## WORK TASK
Output the data below exactly, images excluded.

## COLLECTED DATA
*** Block opens ***
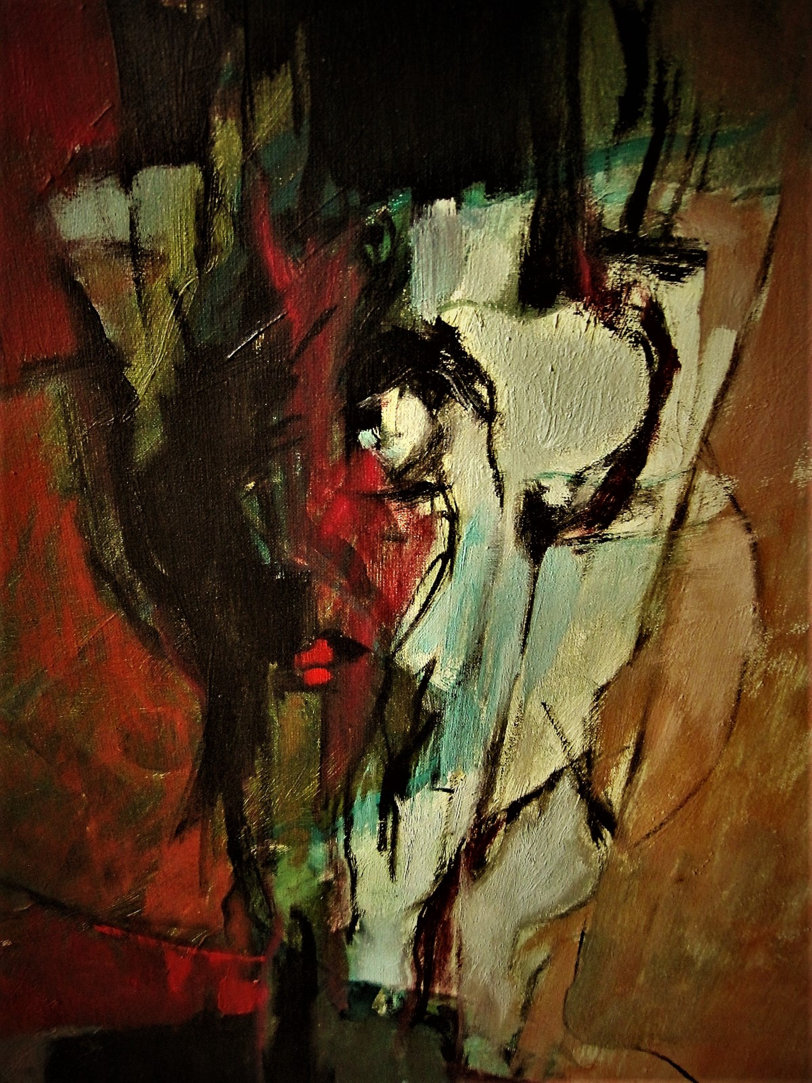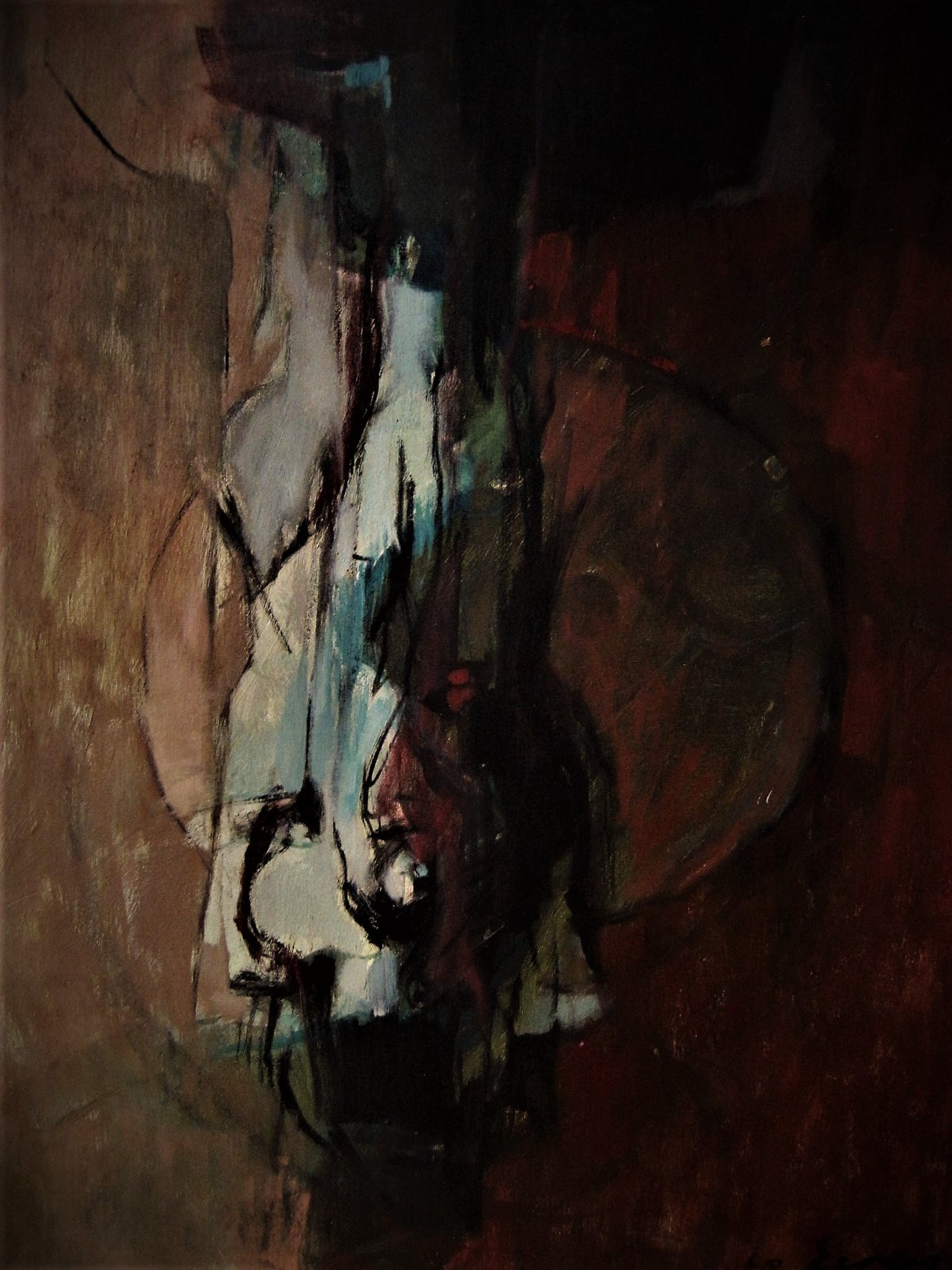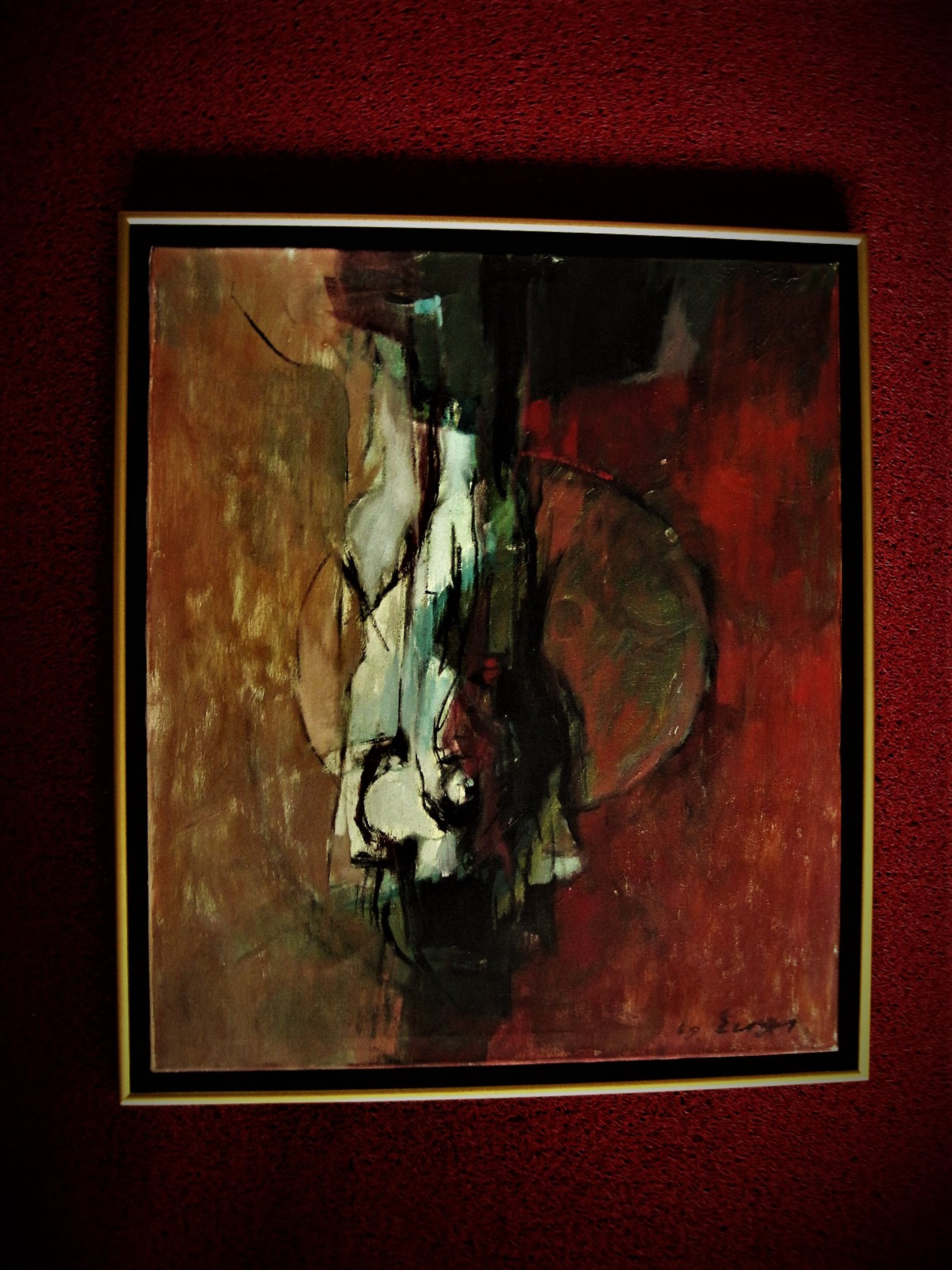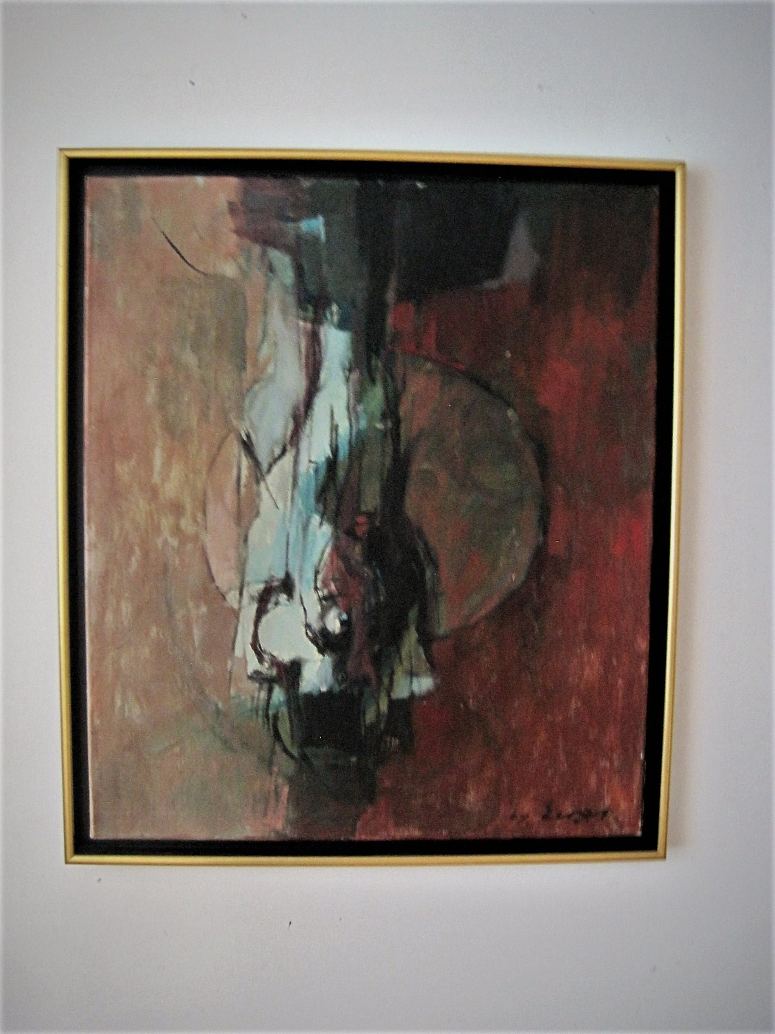 Bijzonder olieverf op doek schilderij met een abstracte voorstelling. die op de achterzijde getiteld is "Meneer Tienoppen". Rechtsonder gesigneerd en gedateerd Eug.. 69
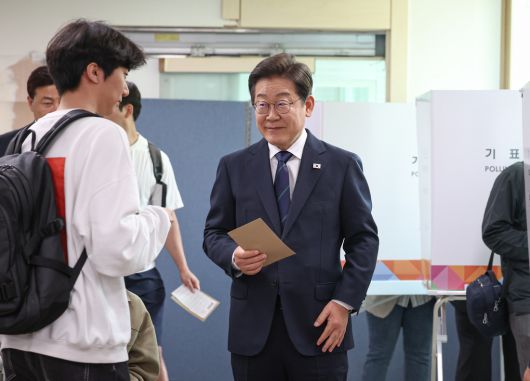 이재명 더불어민주당 후보가 29일 서울 서대문구 구 신촌동주민센터 사전투표소에서 청년들과 함께 사전투표를 하고 있다. 더불어민주당 제공 |
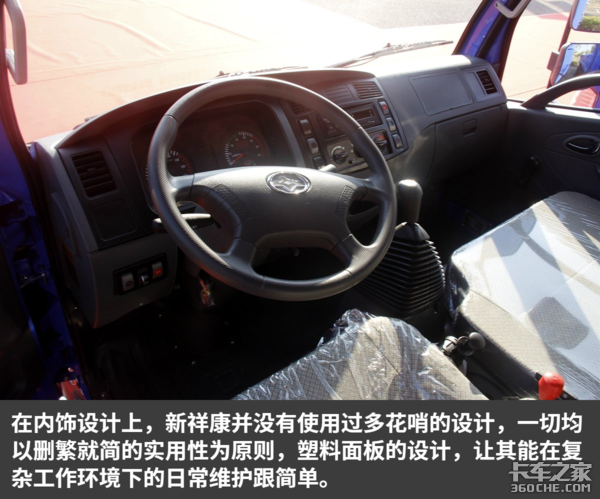 作为一辆工程车,需要经常出入粉尘环境,所以简单而实用的设计是应对该类环境最优的选择,日常维护更省心简单的同时,新祥康的内饰设计在同级别的车型里,还是带有一定设计感的。
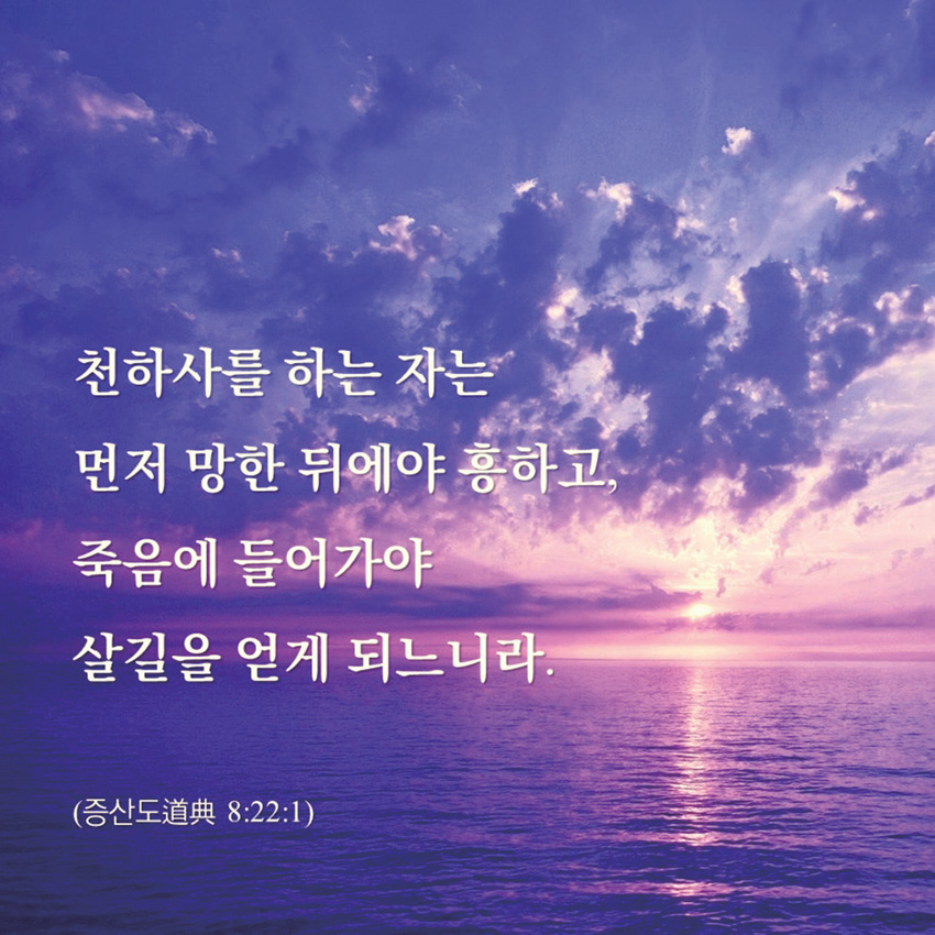 그래서 무엇보다 진리 공부에 집중했습니다. 『도전道典』을 아침부터 저녁까지 하루 종일 읽은 날도 많았습니다. 팔관법, 진리 맥 잡기, 증산도 진리 관련 책들을 반복해서 공부했습니다. 일주일 중 3일은 포교, 4일은 공부로 채우는 생활을 했습니다.
*** Block closes ***
## EXPECTED OUTPUT
 Bijzonder olieverf op doek schilderij met een abstracte voorstelling. die op de achterzijde getiteld is "Meneer Tienoppen". Rechtsonder gesigneerd en gedateerd Eug.. 69
 이재명 더불어민주당 후보가 29일 서울 서대문구 구 신촌동주민센터 사전투표소에서 청년들과 함께 사전투표를 하고 있다. 더불어민주당 제공 |
 作为一辆工程车,需要经常出入粉尘环境,所以简单而实用的设计是应对该类环境最优的选择,日常维护更省心简单的同时,新祥康的内饰设计在同级别的车型里,还是带有一定设计感的。
 그래서 무엇보다 진리 공부에 집중했습니다. 『도전道典』을 아침부터 저녁까지 하루 종일 읽은 날도 많았습니다. 팔관법, 진리 맥 잡기, 증산도 진리 관련 책들을 반복해서 공부했습니다. 일주일 중 3일은 포교, 4일은 공부로 채우는 생활을 했습니다.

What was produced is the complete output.